Pontypool Town Hall (Neuadd y Dref Pont-y-pŵl) is a municipal structure in Hanbury Road, Pontypool, Wales. The town hall, which forms the original part of a civic centre that now serves as the headquarters of Torfaen County Borough Council, is a Grade II listed building.

==History==
Until the opening of the town hall, Pontypool did not have a hall for the transaction of public business, a fact which was considered by the local newspaper to be "anomalous". The town hall was a gift to the town from the Lord Lieutenant of Monmouthshire, Capel Hanbury Leigh, whose seat was at Pontypool Park, to celebrate the birth of his son. The foundation stone for the building was laid by Mrs Hanbury Leigh on 15 May 1854. It was designed by Bidlake and Lovett of Wolverhampton in the Italianate style, was built in ashlar stone by William Prosser of Abergavenny and was officially opened on 5 January 1856. The official opening was celebrated with an evening concert which was attended by Mr and Mrs Hanbury Leigh.

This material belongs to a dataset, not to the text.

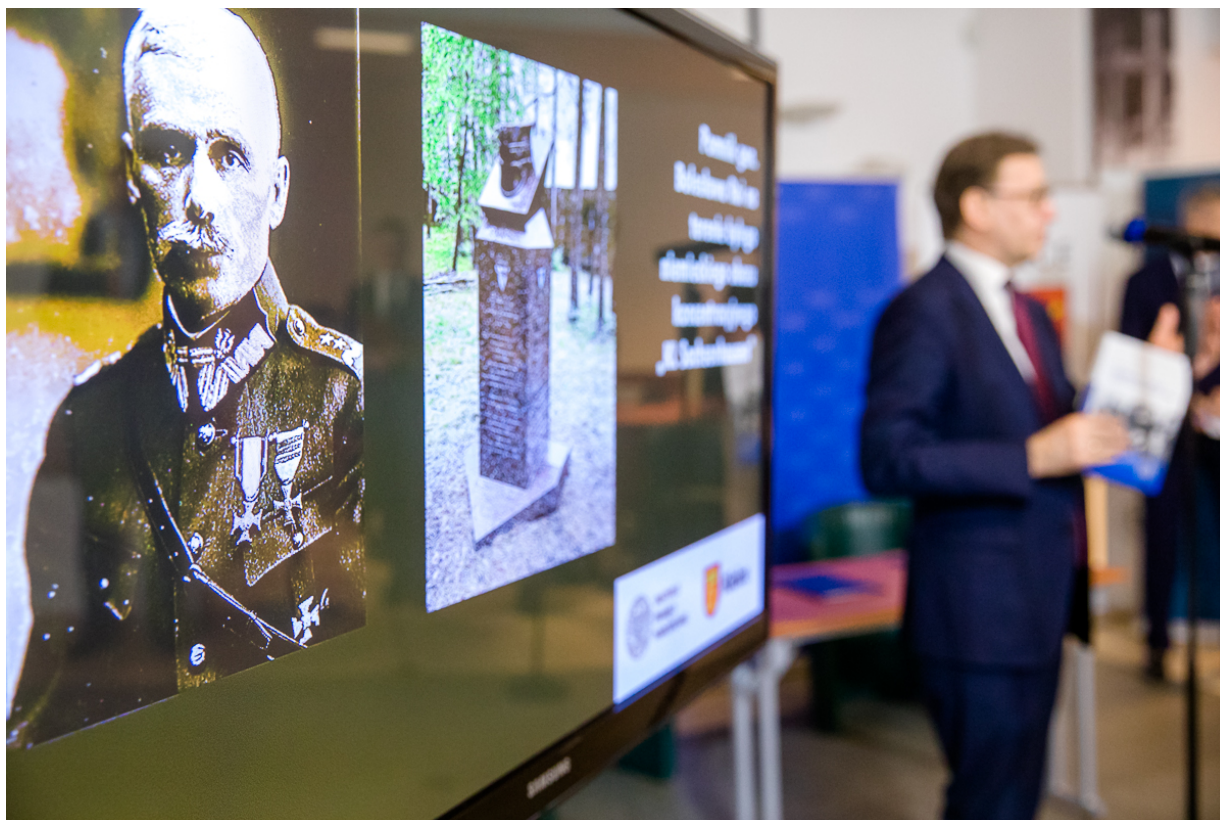
Konferencja prasowa dotycząca upamiętnienia gen. Bolesława Roja na terenie byłego niemieckiego obozu koncentracyjnego KL Sachsenhausen – Warszawa, 27 maja 2020.

The design involved an asymmetrical main frontage with five bays facing onto Hanbury Road with the left hand end bay slightly projected forward and topped with a small clock tower and the right hand end bay slightly set back; the two end bays originally had openings on the ground floor. The central bay featured a doorway with an arched surround flanked by Tuscan order pilasters supporting an entablature and a canopy; above the ground floor, which was rusticated, was a band inscribed with the name of the benefactor and the date of opening. There were rounded headed sash windows in the other bays on the ground floor and on the first floor, except for the left hand end bay on the first floor which contained a niche. At roof level there was a frieze with triglyphs and a parapet bearing the Hanbury coat of arms.

In the mid-19th century the town was managed by magistrates but a local board of health was established in 1871 and, following population growth largely associated with the tinplate industry, the area became an urban district with the town hall as its headquarters in 1895. The town hall was also the meeting place for hearings of the county court. The town hall continued to serve as the headquarters of the urban district for much of the 20th century and remained the local seat of government after the enlarged Torfaen County Borough Council was formed in 1974.

A programme of works was undertaken to a design by the David Preece Partnership, to extend the building to the south west thereby creating a modern civic centre, in 1991. The works involved the demolition of an old police station and an old town gaol and the construction of a modern six-storey office block.